As hortas são cedidas de forma totalmente gratuita às famílias que se queiram dedicar à bio agricultura

Testemunhos

Manuel Faustino

Ana Coelho

Manuel Faustino podia muito bem comprar alfaces e nabiças na praça, como fazia há 6 meses atrás, mas em vez disso decidiu inscrever-se na Sachónabo, a Bio Horta Urbana do concelho de Almeirim. “Carolice” é o nome que dá à ideia de elevar o depósito de água e criar, por baixo dele, uma estrutura de armazenamento de materiais. De “carolice” em “carolice” foi aprimorando a sua horta com um sistema de rega gota-a-gota, de rega por expressão, uma entrada personalizada e todos os pormenores que merece este regresso à agricultura.
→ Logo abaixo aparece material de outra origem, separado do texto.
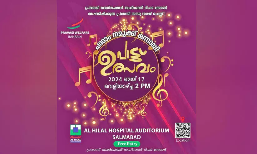 സൽമാബാദിലുള്ള അൽ ഹിലാൽ ഹോസ്പിറ്റൽ ഓഡിറ്റോറിയത്തിൽ ബഹ്റൈനിലെ പ്രവാസി കലാകാരന്മാർ നയിക്കുന്ന ഗാനമേള, മിമിക്സ് പരേഡ്, കഥാപ്രസംഗം, കവിതാലാപനം, മാപ്പിളപ്പാട്ട്, നാടൻപാട്ടുകൾ തുടങ്ങി മലയാളിത്തനിമ ഉൾക്കൊണ്ടുള്ള പരിപാടികളാണ് ഒരുക്കിയിട്ടുള്ളത്. പാട്ടുത്സവത്തിലേക്ക് പ്രവേശനം സൗജന്യമാണെന്ന് പ്രവാസി വെൽഫെയർ റിഫ സോണൽ പ്രസിഡന്റ് ആഷിക്ക് എരുമേലി, സെക്രട്ടറി മഹ്മൂദ് മായൻ എന്നിവർ അറിയിച്ചു.
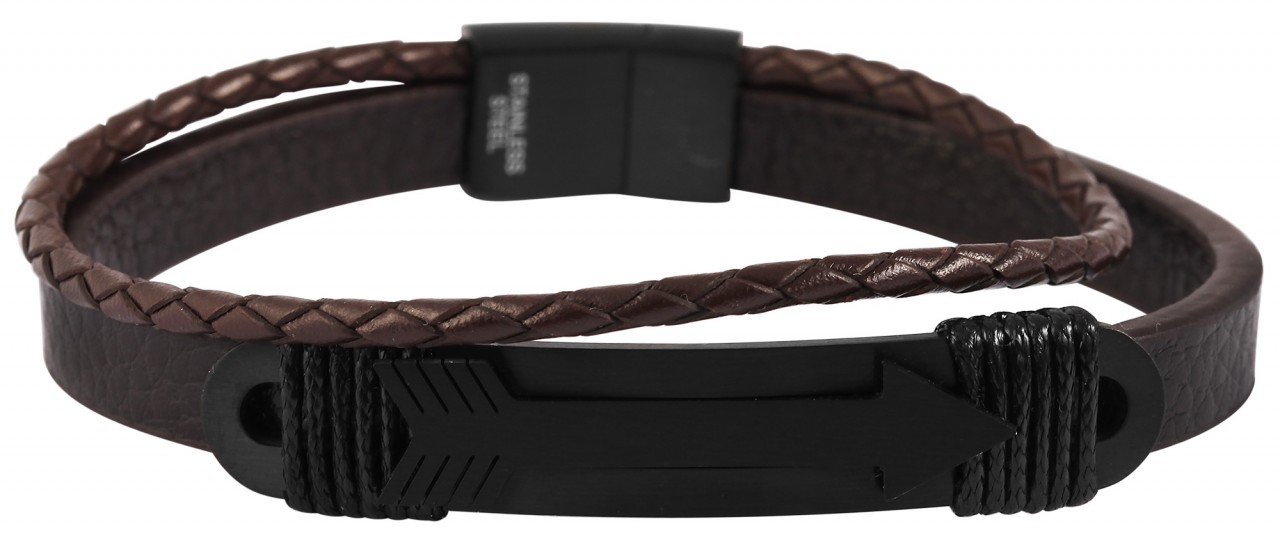 A pulseira de couro genuíno da marca Praktik é feita de uma pulseira de couro plana de 1 cm de largura e uma pulseira de couro trançado de 3 mm de largura. Um elemento de aço inoxidável preto em forma de seta está preso às tiras de couro mais largas. A moderna pulseira de joias pode ser aberta e fechada com um fecho magnético de aço inoxidável preto. As dimensões resultam de um comprimento total de 20 cm, largura de 1,3 cm e espessura de 3 mm. A pulseira pode ser combinada com qualquer roupa e é um ótimo presente.
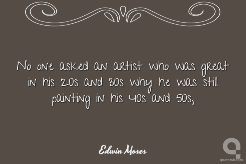 No one asked an artist who was great in his 20s and 30s why he was still painting in his 40s and 50s,
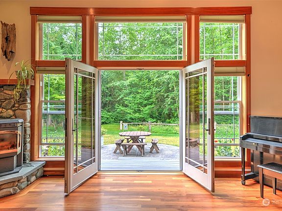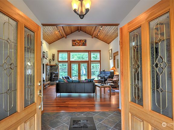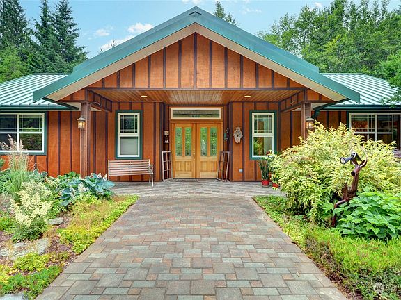 Welcome to the Stump Farm! Around every corner you spot something new/interesting. From the ADA access to the Lodge Style covered entry, unique finishes, and multiple upcycled treasures incorporated into the build. From the madrona wood breakfast counter, hickory cabinets and granite counters to the Tiger Wood Flooring in the vaulted living room with reading loft. Comfortable one level living with plenty of bonus areas. Truly one-of-a-kind home: the covered breezeway leads to the 2-car garage plus office and bonus room. Behind the home off the stamped patios there are nature trails, seasonal ponds, bridges, multiple plant species, garden areas. Just a private oasis for nature lovers. Don't forget the other outbuilding, the 3-car shop.
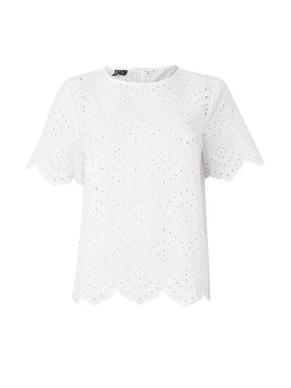 Blouse type: Blouseshirt; Design: Keyholesluiting, Geschulpte zoom; Type sluiting: Knoopsluiting; Materiaal: Katoen; Motief: Effen; Kraag: Zonder kraag; Details: Cut-outs, Borduursels, Mesh; Extra's: Licht transparant, Voelt zacht aan; Pasvorm: Normale pasvorm; Armlengte: Kwartmouw; Lengte: Normale lengte
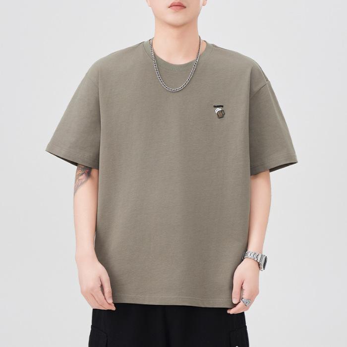 Latest Summer Short-sleeved T-shirt for Mens Embroidered Comfortable Fit Japanese Classic Style Leisure 5-minute Sleeve T-shirt for Men
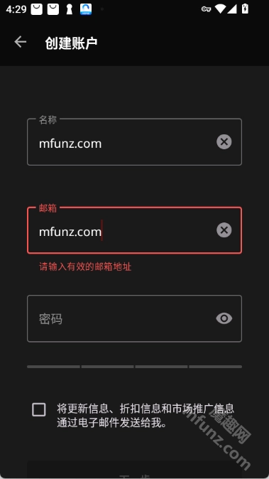 3.然后输入名称、邮箱以及密码,点击下一步,最后根据提示完成注册即可。
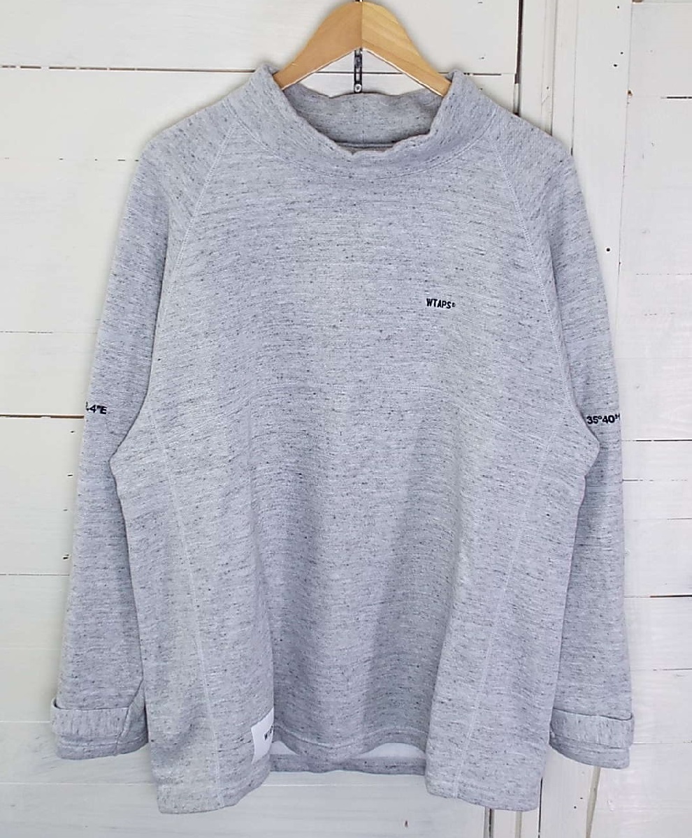 > T1811〇WTAPS(ダブルタップス)スウェットシャツ ハイネック 裏起毛 刺繍ロゴ グレー Mサイズ
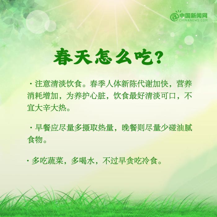 春天是萬物復(fù)蘇的季節(jié),也是調(diào)養(yǎng)身體的好時節(jié)。①每天保證6~8小時的睡眠,避免熬夜;②適當(dāng)進行一些戶外活動,曬太陽、踏青賞景等;③不過早減衣,穿衣注意下厚上薄;④注意清淡飲食,多吃蔬菜,多喝水……春季養(yǎng)生要注意什么?詳戳↓↓
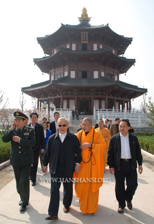 原国防部部长迟浩田上将一行视察苏州寒山寺
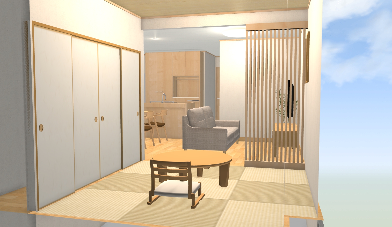 和室を設けて落ち着いたリビングに。
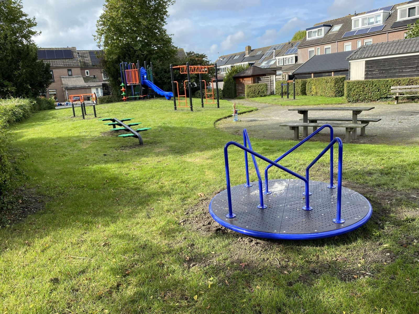 Op dit ruime draaitoestel kun je met meerdere kinderen draaien tot je er duizelig van wordt.
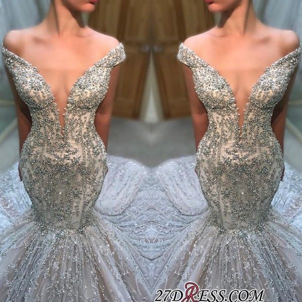 Bling Bling Mermaid Wedding Dresses Sexy Mermaid Deep V Neckline Mermaid Rhinestone Wedding Dress
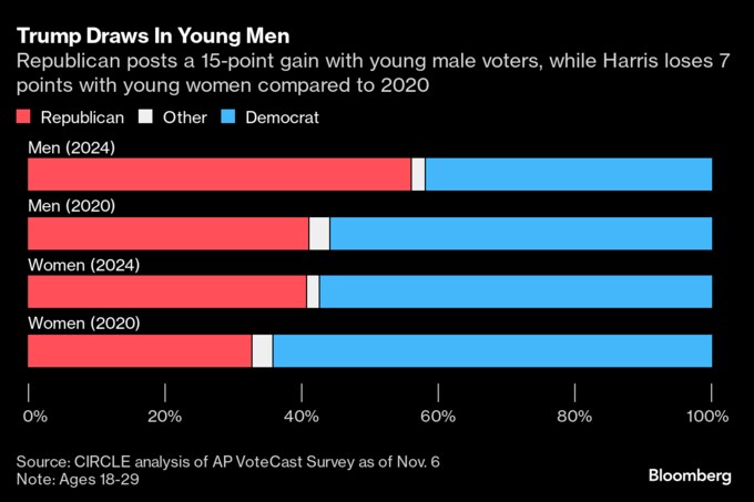 タフツ大学市民学習・参加研究センターが分析したデータによると、トランプ氏は20年には41%だった若い男性からの支持を56%に伸ばした。
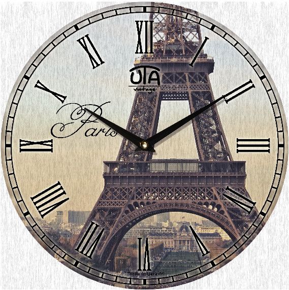 Настенные часы ЮТА “Vintage” (33 cм) 004 VT “Париж” – имеют круглую форму, диаметр 33 см, толщину 2,7 см, вес 0,6 кг.
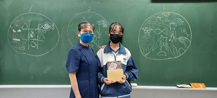 這個月壽星是郡瑜同學,春來媽媽贈送生日禮物及生日卡,大家一起唱生日快樂歌,說祝福的話,勉勵同學要努力為自己的人生找到方法,給自己信心。
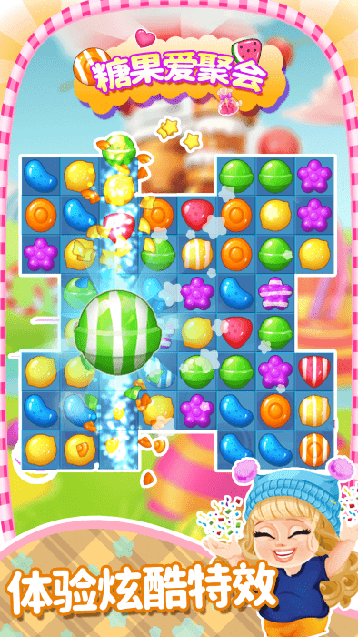 2. 特效糖果组合系统,不同特效糖果组合可以触发全屏清除等震撼的消除效果。

Reformado da PSP há 6 anos, encontrou aqui um lugar onde pode aprender e ensinar. Em simultâneo, nutre uma competição saudável pelo título de “horta mais bonita”, discute inovações e técnicas com o curioso vizinho inglês e recorda o passado. Aos que aqui encontra chama-lhes família. E que outro nome lhes poderia dar?

Foi uma mensagem de correio eletrónico da Câmara Municipal de Almeirim que despertou o interesse desta professora de Educação Visual para o projeto das hortas biológicas. A situação de desemprego em que se encontrava foi um dos motivos que a levou a inscrever-se, mas daqui leva também conhecimentos úteis à sua profissão, uma vez que hoje em dia também se pratica este tipo de agricultura nas escolas. Aos 29 anos, nunca tinha estado diretamente envolvida no cultivo da terra. Para alguém que nada sabia sobre lavoura, ver crescer as primeiras flores e frutos são experiências únicas e gratificantes e é com orgulho que fala do tomate com cerca de 900g que colheu na sua horta. Em casa não há lugar para desperdícios e faz questão de que sejam consumidos todos os produtos que vêm da horta.